If `memo-fib` were defined as `(memoize fib)`, it would indeed work, though it would still recompute values for each call because the table within `memoize` would not share values across separate instances of the lambda function.

Key concepts

Fibonacci Sequence

The Fibonacci Sequence is a series of numbers where each number is the sum of the two preceding ones, often starting with 0 and 1. This pattern is easy to understand but becomes exponentially intensive to compute as the series progresses using naive recursion.
This is because each function call generates two more calls until base cases are reached. Imagine computing \( F(n) \):

• For each \( F(n) \), you compute \( F(n-1) \) and \( F(n-2) \).
• Each \( F(n-1) \) requires \( F(n-2) \) and \( F(n-3) \), and so on.
• This branching results in a tree structure where calculations overlap extensively.

To gain efficiency, memoization preserves previously computed values, thereby transforming this exponential task into a linear one. As demonstrated, using memoization with the Fibonacci sequence, you reduce redundant computations, storing results to reuse later in the process.

Functional Programming

Functional Programming is a paradigm focused on writing functions that avoid changing state and mutable data. It's all about composing pure functions and using higher-order functions such as `map`, `filter`, and `reduce`.
Key Characteristics:

• Immutable State: No variables that can be changed.
• Pure Functions: Given the same input, they always return the same output without side effects.
• Higher-Order Functions: Functions are first-class citizens. They can be passed as arguments or returned from other functions.

In our exercise, the use of `lambda` within the `memo-fib` function is a testament to the power of functional programming. It encapsulates the Fibonacci calculation function without relying on external state changes, and it pairs well with memoization to efficiently manage state and computation.

Algorithm Optimization

Algorithm Optimization involves making your code more efficient, reducing resource consumption, or improving execution speed.
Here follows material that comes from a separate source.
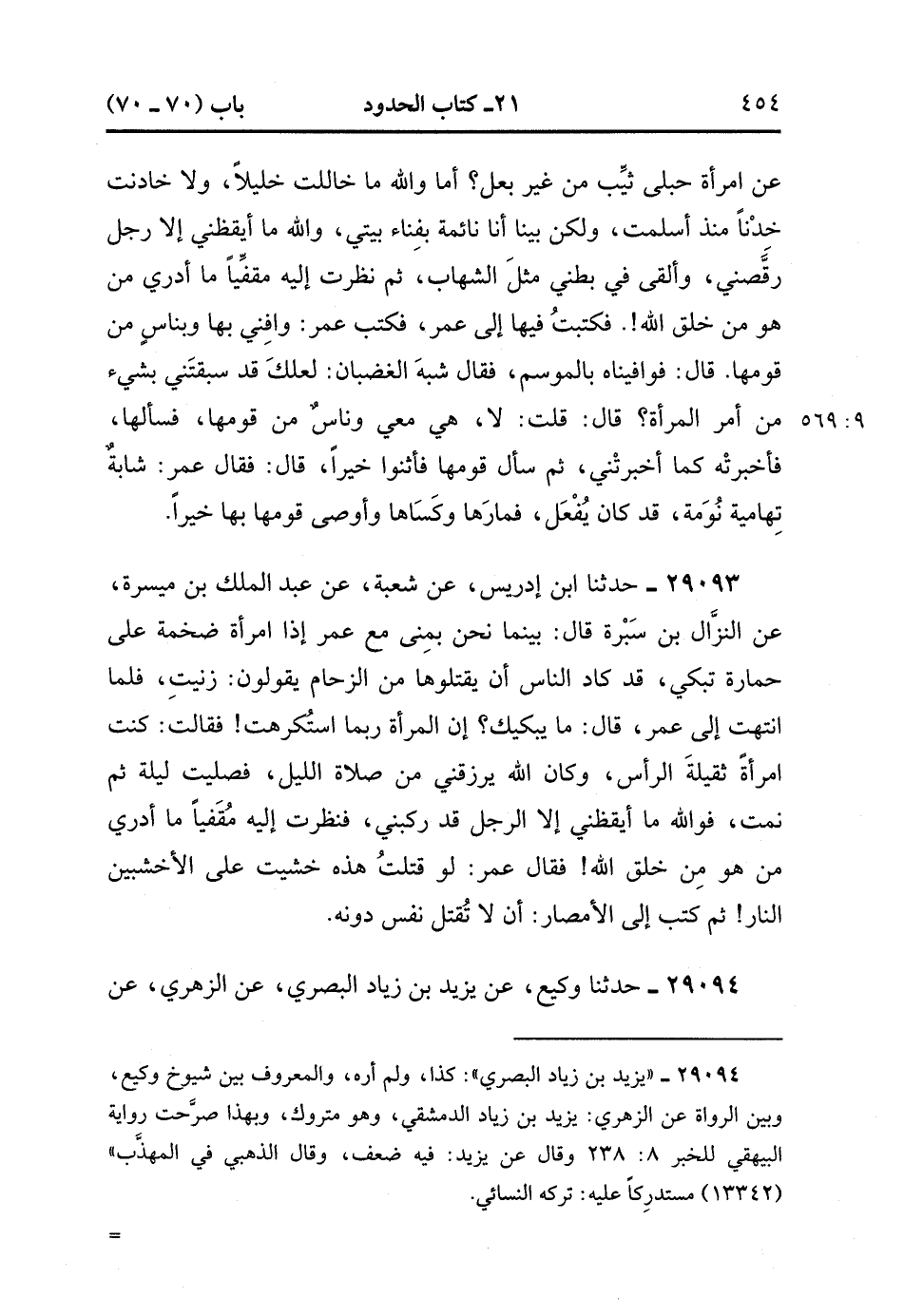 29093- حَدَّثَنَا ابْنُ إِدْرِيسَ ، عَنْ شُعْبَةَ ، عَنْ عَبْدِ الْمَلِكِ بْنِ مَيْسَرَةَ ، عَنِ النَّزَّالِ بْنِ سَبْرَةَ ، قَالَ : بَيْنَمَا نَحْنُ بِمِنًى مَعَ عُمَرَ ، إِذَا امْرَأَةٌ ضَخْمَةٌ عَلَى حِمَارَةٍ تَبْكِي ، قَدْ كَادَ النَّاسُ أَنْ يَقْتُلُوهَا مِنَ الزِّحَامِ ، يَقُولُونَ : زَنَيْتِ ، فَلَمَّا انْتَهَتْ إِلَى عُمَرَ ، قَالَ : مَا يُبْكِيكِ ؟ إِنَّ الْمَرأَة رُبَّمَا اسْتُكْرِهَتْ ، فَقَالَتْ : كُنْت امْرَأَةً ثَقِيلَةَ الرَّأْسِ ، وَكَانَ اللَّهُ يَرْزُقُنِي مِنْ صَلاَةِ اللَّيْلِ ، فَصَلَّيْتُ لَيْلَةً ثُمَّ نِمْتُ ، فَوَاللَّهِ مَا أَيْقَظَنِي إِلاَّ الرَّجُلُ قَدْ رَكِبَنِي ، فَنَظرتُ إِلَيْهِ مُقْفِيًا مَا أَدْرِي مَنْ هُوَ مِنْ خَلْقِ اللهِ ، فَقَالَ عُمَرُ : لَوْ قَتَلْتُ هَذِهِ خَشِيت عَلَى الأَخْشَبَيْنِ النَّارَ ، ثُمَّ كَتَبَ إِلَى الأَمْصَارِ : أَنْ لاَ تُقْتَلَ نَفْسٌ دُونَهُ. (9/569).

Memoization is a standout technique for optimizing recursive algorithms like the Fibonacci sequence.

Benefits of memoization:

• Reduces Time Complexity: By storing results of expensive function calls and returning the cached result when the same inputs recur, the time complexity for the Fibonacci sequence calculation becomes linear, \( O(n) \), from exponential, \( O(2^n) \).
• Increases Efficiency: By avoiding unnecessary recalculations, the overall efficiency of the algorithm increases substantially.

To effectively optimize a recursive algorithm, focus on:

• Identifying overlapping subproblems that can benefit from cached results.
• Implementing a storage strategy (a dictionary or table) to hold previously calculated outputs.

Algorithm optimization, using techniques like memoization, is crucial for making systems more robust, scalable, and responsive, especially for tasks involving intensive computations.